Coconuts, Revisited

　　　　　　　　　　Coconuts, Revisited

The short story titled Coconuts, by Ben Ames Williams, appeared in the Saturday Evening Post on October 9, 1926. The story tells about five men and a monkey who were shipwrecked on an island. They spent the first night gathering coconuts. During the night, one man woke up and decided to take his share of the coconuts. He divided them into five piles. One coconut was left over so he gave it to the monkey, then hid his share and went back to sleep.

 

Soon a second man woke up and did the same thing. After dividing the coconuts into five piles, one coconut was left over which he gave to the monkey.
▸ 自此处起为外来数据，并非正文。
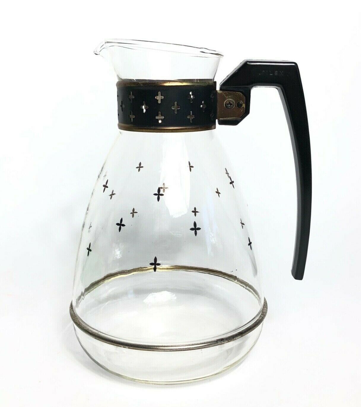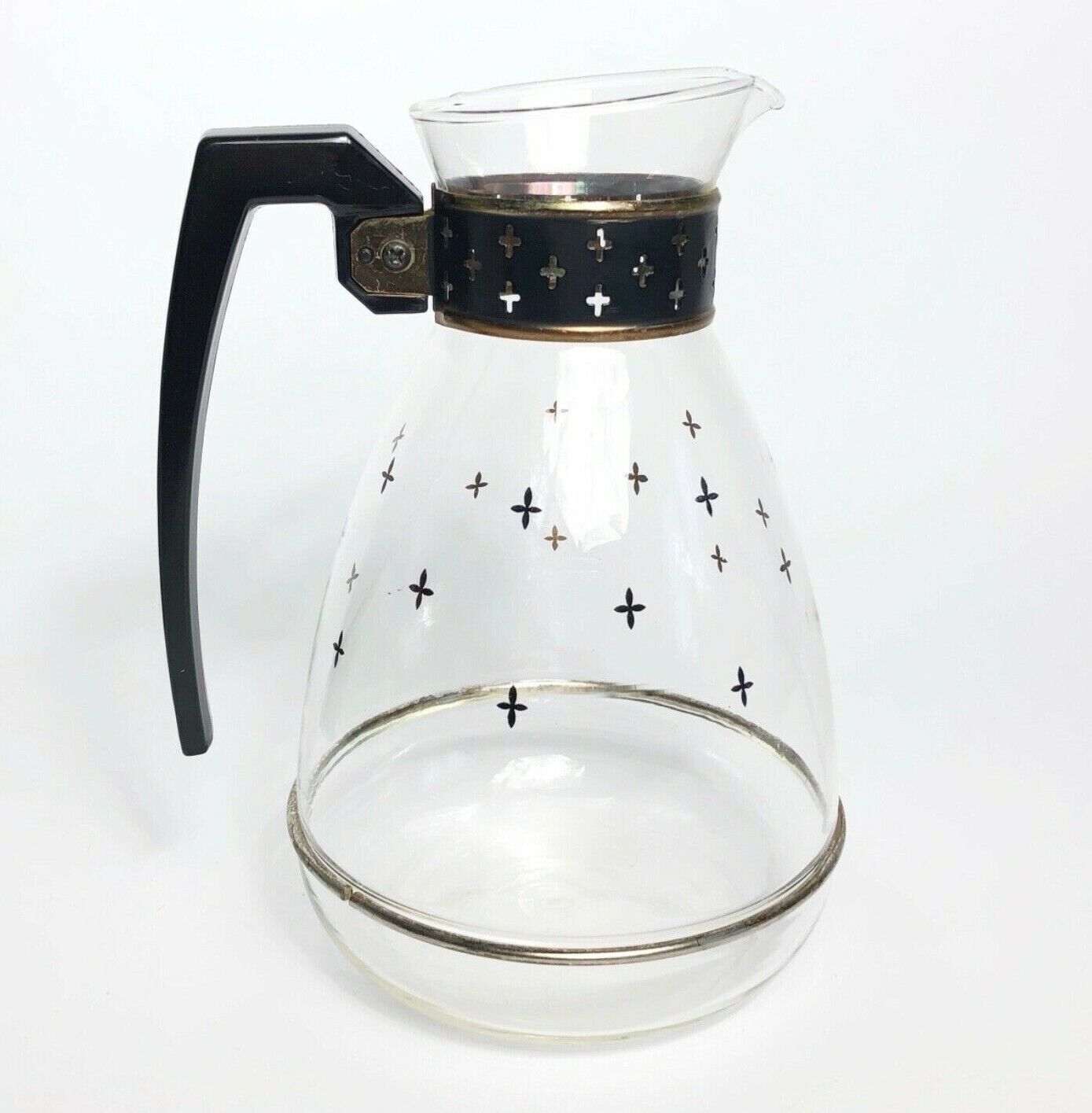 - Vintage Corning Silex Coffee Pot Carafe Black & Copper Star Design 6 Cup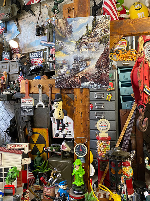 古き良きアメリカの景色を描いてきた画家、テッド・ブレイロック氏によって描かれた昔の蒸気機関車のブリキ看板です。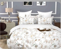 The "Alps" bedding set brings a fresh, serene, and modern floral design to the bedroom. The name "Alps" suggests a clean, crisp, and refreshing aesthetic, which is perfectly captured by the set's cool color palette and nature-inspired pattern.

He then hid his share and went back to bed. The third, fourth, and fifth man followed exactly the same procedure. The next morning, after they all woke up, they divided the remaining coconuts into five equal shares. This time no coconuts were left over.

 

An obvious question is ``how many coconuts did they originally gather?" There are an infinite number of answers, but the lowest of these is 3,121. But that's not our problem here.

 

Suppose we turn the problem around. If we know the number of coconuts that were gathered, what is the maximum number of persons (and one monkey) that could have been shipwrecked if the same procedure could occur?

 

Input 

The input will consist of a sequence of integers, each representing the number of coconuts gathered by a group of persons (and a monkey) that were shipwrecked. The sequence will be followed by a negative number.

 

Output 

For each number of coconuts, determine the largest number of persons who could have participated in the procedure described above. Display the results similar to the manner shown below, in the Sample Output. There may be no solution for some of the input cases; if so, state that observation.

 

Sample Input 

 

25
30
3121
-1

 

Sample Output 

25 coconuts, 3 people and 1 monkey
30 coconuts, no solution
3121 coconuts, 5 people and 1 monkey


题意：总共有n个椰子，（自己以为是可可豆）有m个人，到了晚上，每个人都会去把n-1（给猴子一个）除以m，再拿走自己的一份，最后剩的还要是m的倍数，求最大m
如：25……先减一……=24……再除以m（=3）……=8……第一个人拿走了8个，剩下了16个……第二个人也要拿……-1再除3为5……即第二个人拿走了5个……还剩10个……-1再除3为3……即第三个人拿走了3个……还剩6个……
没人拿了，而且剩下了3的倍数
tip：模拟，下一次剩的椰子等于这一次减去这个人拿的再减一；即x=x-(x-1)/i-1

#include<iostream>

using namespace std;

int solve(int n)
{
    int i,j,x;
    for(i=10;i>1;i--)
    {
        x=n;
        j=i;
        while(j)
        {
            if((x-1)%i!=0)
                break;
            x=x-(x-1)/i-1;
            j--;
        }
        if(j==0&&x%i==0)
            return i;
    }
    return 0;
}

int main()
{
    int c,p;
    while(cin>>c)
    {
        if(c==-1)
            break;
        cout<<c<<" coconuts, ";
        p=solve(c);
        if(p)
            cout<<p<<" people and 1 monkey"<<endl;
        else
            cout<<"no solution"<<endl;
    }
    return 0;
}